How to make new pandas column based on multiple conditionals including 'isnull', 'or' and if colB 'isin' colA -like statements?

Solution 1:

When using axis=1, the applied function receives a single row as an argument. Indexing into the row gives you string objects, in most cases -- except where a NaN is encountered.

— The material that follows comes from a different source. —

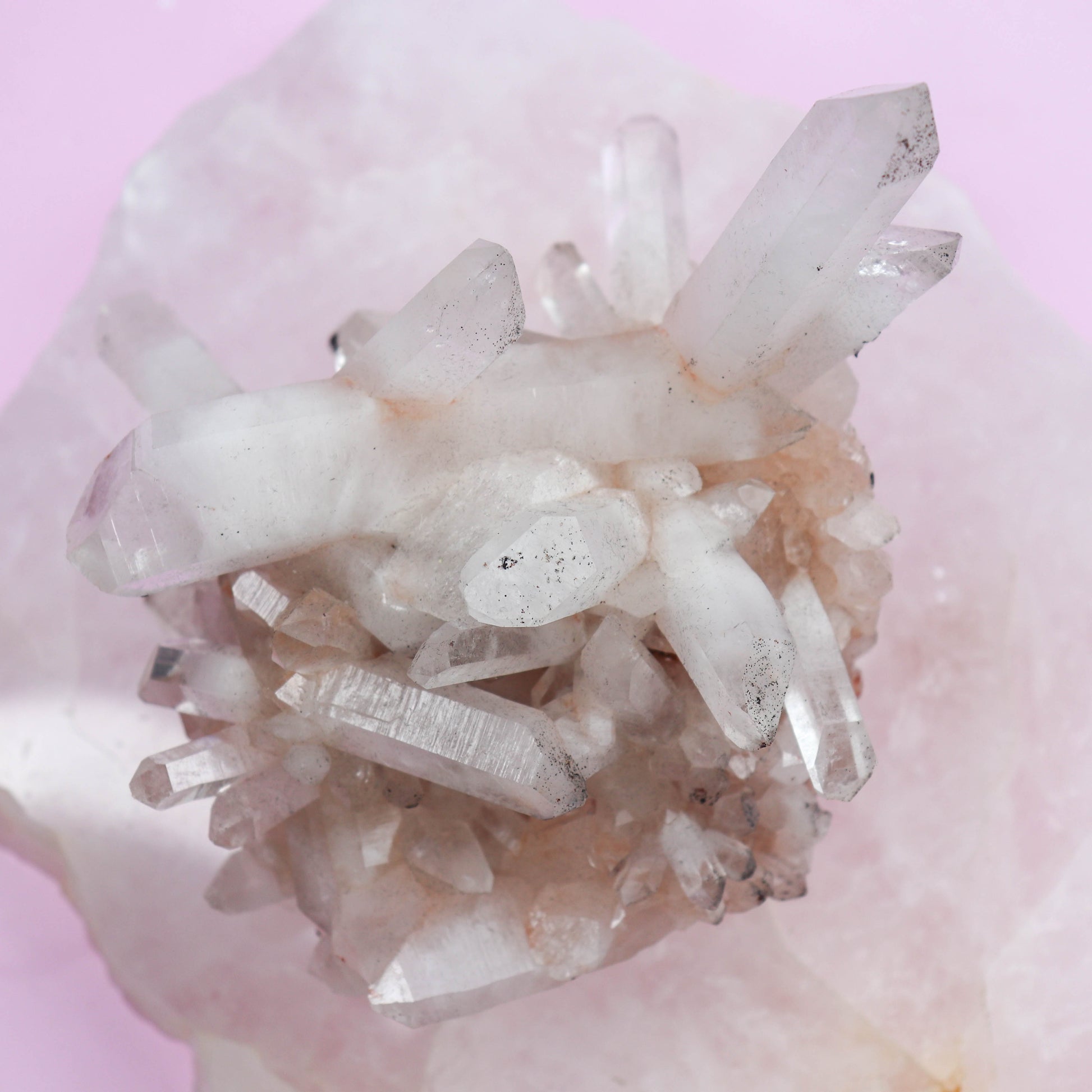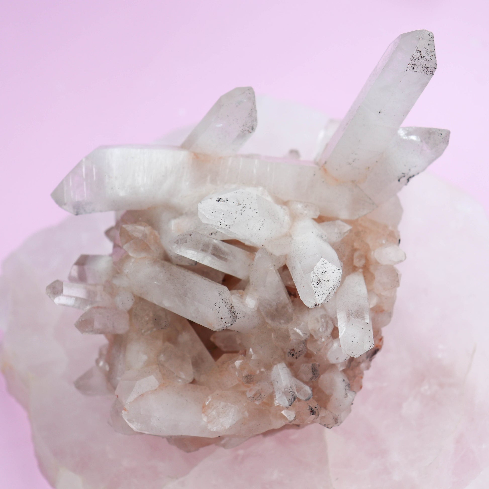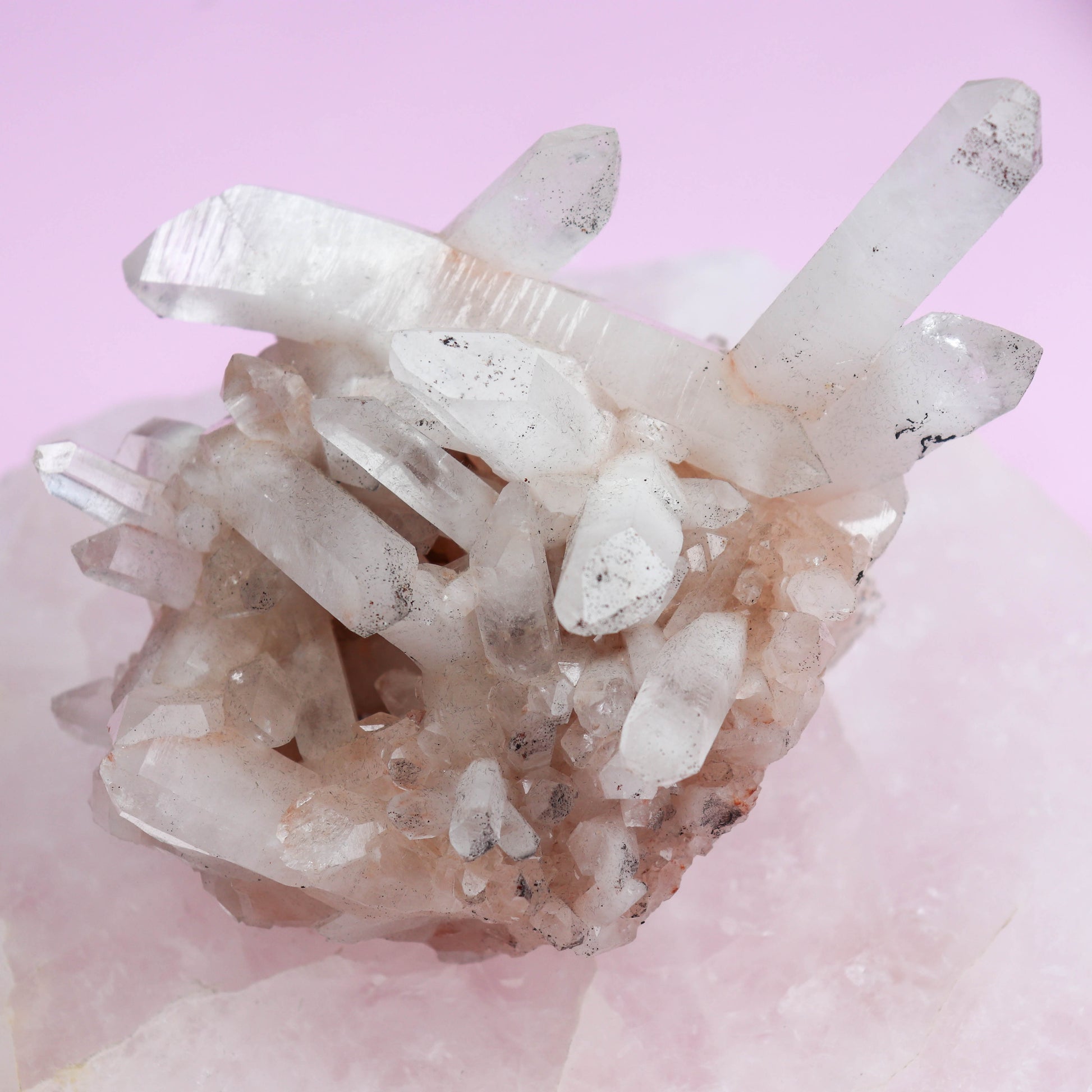 Rare pink quartz found in cluster formations; natural color from trace elements or mineral inclusions; Mohs 7

Numpy NaNs are actually floats. So when you attempt to perform string operations on the company column, like checking whether the unit_desc contains the company, this throws errors for rows that contain NaNs.

Numpy has a function isnan, but calling this function on a string also throws an error. So any rows that have an actual company value will cause problems for that check.

You could check the type of the data with isinstance, or you could just remove the NaNs from your data ahead of time.


This example removes the NaNs ahead of time.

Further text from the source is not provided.